I was told before arriving that Koreans do not speak English, unlike other popular tourist destinations where the people have mostly adapted to the English speaking tourist. I studied a little Korean on Rosetta Stone for a month to prepare. Still, I have not found the need to use my pathetic Korean as much as I thought I would. I have been pleasantly surprised by the amount of people who do speak at least a little bit of English, despite all the rumors. I have had many encounters with shop keepers, clerks, cab drivers and waiters who try their hardest to communicate with me, struggling to pull English words from the depths of their memories. I feel very appreciate every time someone has stepped up to help translate a conversation and help me navigate the labyrinth of Jeju streets.

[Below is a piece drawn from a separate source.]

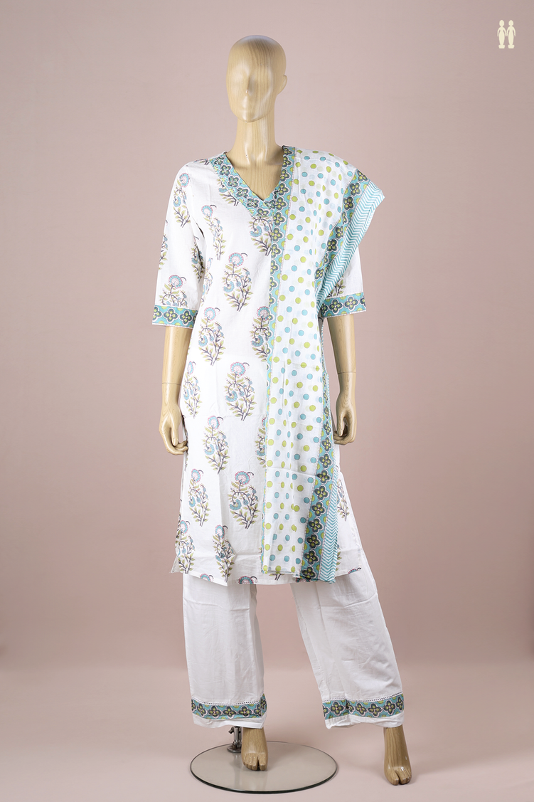 Embrace effortless elegance with this v-neck white cotton salwar set featuring a delicate floral design. Crafted from breathable cotton, it ensures comfort while maintaining a refined silhouette perfect for any occasion. The subtle floral pattern enhances its timeless appeal, making it a sophisticated choice for day-to-evening wear.

I never know what to expect when approaching a local person. Every interaction is different depending on our combined language skills. Sometimes, I have entire conversations with hand gestures and head nods. I find it amazing how much people from two different cultures, speaking two different languages, can communicate with just hands and faces alone. I find the key is to not be shy; more expression the better!

Living and travelling in a foreign country are two different animals. Travelling as a tourist, I have the opportunity to skim a new culture only on the surface. Living in a foreign country, I am able to learn in-depth idiosyncrasies about a culture just from daily life activities. Visits to the supermarket, the cell phone company, the English academy, and a Korean family home, all revealed new aspects of Korean culture I otherwise would never have the opportunity to experience. I learned how to greet locals with a little bow of the head, not a handshake. I spent hours deciphering labels at the supermarket learning quickly to make substitutes with local ingredients when I could not find what I wanted. I learned the cell phone company and English academies enforce strict rules and regulations according to the law and do not stray from these procedures. I took off my shoes at the front door to a local family home I visited and sat around the dining room table, chatting and laughing, much as I would with friends at home.

After two weeks on the island of Jeju, I know I still have a lot to learn and a lot to explore. I look forward to seeing how my first impressions will change and adapt to my new surroundings on Jeju. But, so far, I feel lucky to have landed in this gorgeous little corner of the world.